2015, Vol. 36
2. 第二军医大学基础部神经生物学教研室, 上海 200433
2. Department of Neurobiology, College of Basic Medical Sciences, Second Military Medical University, Shanghai 200433, China
帕金森病(Parkinson disease,PD)是神经退行性疾病的一种,主要表现为中脑黑质多巴胺能神经元退行性变和胞质内路易小体形成。其中路易小体主要由淀粉样纤维组成,构成该纤维的主要成分是α-synuclein(简称α-syn)蛋白,该蛋白的氨基酸序列中存在多个潜在的硝基化修饰位点。本文拟对α-syn蛋白及其硝基化修饰、功能及其与疾病的关系进行综述,以更全面了解硝基化修饰α-syn与PD间的关系,为进一步探讨PD的发病机制反防治策略制定奠定基础。
1 α-syn蛋白的结构与性质
α-syn属于syn蛋白家族,该蛋白家族在人体中共存在3种亚型,包括α、β和γ-syn,最主要的是α-syn[1],其结构分为以下3部分:(1)N端,包含有11个氨基酸重复序列形成的4个α螺旋,这一结构与载脂蛋白A2的脂质结合区相似,使其更易与细胞脂质表面膜结合或解离[2]。(2)中央区域,包含有非淀粉样β成分区(NAC区),该区域可以从无规律卷曲变换为β折叠二级结构,具有很强的聚合倾向[3]。最近的研究表明,该区域包含一个分子伴侣结合区,与靶蛋白结合后会致使α-syn形成β折叠并相互聚集[4]。(3)C端,该段富含脯氨酸残基,决定了α-syn蛋白的聚集速度[5]。有报道显示,该区段能在生理状态下形成螺旋状态的四聚体,这一结构不利于α-syn的聚集[6]。

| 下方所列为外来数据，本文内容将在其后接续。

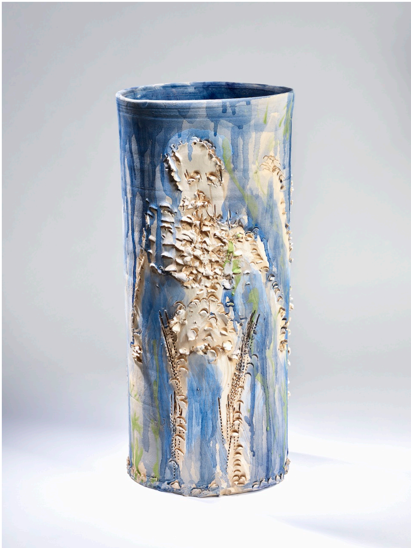
Мигель Барсело, Без названия, 2022 © Miquel Barceló, ADAGP Paris, 2023. Photo Luis Lourenço.

Интересно, что скарификация не ведаёт гендерных различий и наблюдается как у мужчин, так и у женщин, причем на любых частях тела: лице, груди, спине, плечах,

很长一段时间内人们认为α-syn不存在特定的二级结构,它们以随意卷曲的形式存在[7]。直至Wang等[8]发现在生理状态下该蛋白以螺旋式的四聚体状态存在。还有报道显示该蛋白以混乱的单体形式存在于中枢神经系统、红细胞、哺乳动物体细胞以及大肠杆菌中[9]。不同的环境下,α-syn的二级结构及生理病理功能都是不同的。 2 α-syn的生理作用及其在PD中的细胞效应 2.1 α-syn的生理作用
文献报道,α-syn基因敲除小鼠与普通小鼠在器官水平没有区别,甚至它们在囊泡和突触前蛋白分布上也没有明显的区别[10]。而关于α-syn功能有:(1)多巴胺信号调节。蛋白组学研究并分析了能与该蛋白结合的配体,发现α-syn能抑制酪氨酸羟化酶(TH)的酶活性,抑制多巴胺的表达[11, 12]。(2)调节囊泡运输功能。研究发现α-syn易于和富含磷脂酸的囊泡相结合,提示其参与了囊泡运势,是囊泡中递质释放的负调节因子[13]。(3)参与神经突触膜电位形成[14]。(4)调节多种突触蛋白骨架因子的表达、亚细胞分布和活性。(5)参与控制神经递质的释放[15]以及调节神经突触的可塑性[16]。(6)保护神经功能。实验表明,过表达的α-syn蛋白具有神经保护作用,可以保护SHSY-5Y细胞(一种多巴胺细胞系)免受多巴胺毒性侵蚀[17, 18]。(7)抑制神经细胞凋亡并保护其不被氧化[19]。Cheng等[20]发现该蛋白能促进网格蛋白介导的N-甲基-D-天冬氨酸受体(N-methyl-D-aspartic acid receptor,NMDA)胞吞作用,因此削弱了由NMDA介导的多巴胺能神经元的凋亡。以上的研究结果表明,该蛋白对神经细胞主要具有保护作用,事实是否真的如此?研究发现nmol/L的Tat-α-syn具有神经保护作用,而μmol/L的该蛋白参与了神经毒性机制[21]。 2.2 α-syn在神经退行性疾病中的细胞效应
一直以来,α-syn蛋白被认为是PD的致病原因之一[22],但其致病机制至今仍不清楚。α-syn基因的突变和多态性会导致家族性PD的发生[23],其堆积和聚合会导致多巴胺能神经元功能障碍和丢失。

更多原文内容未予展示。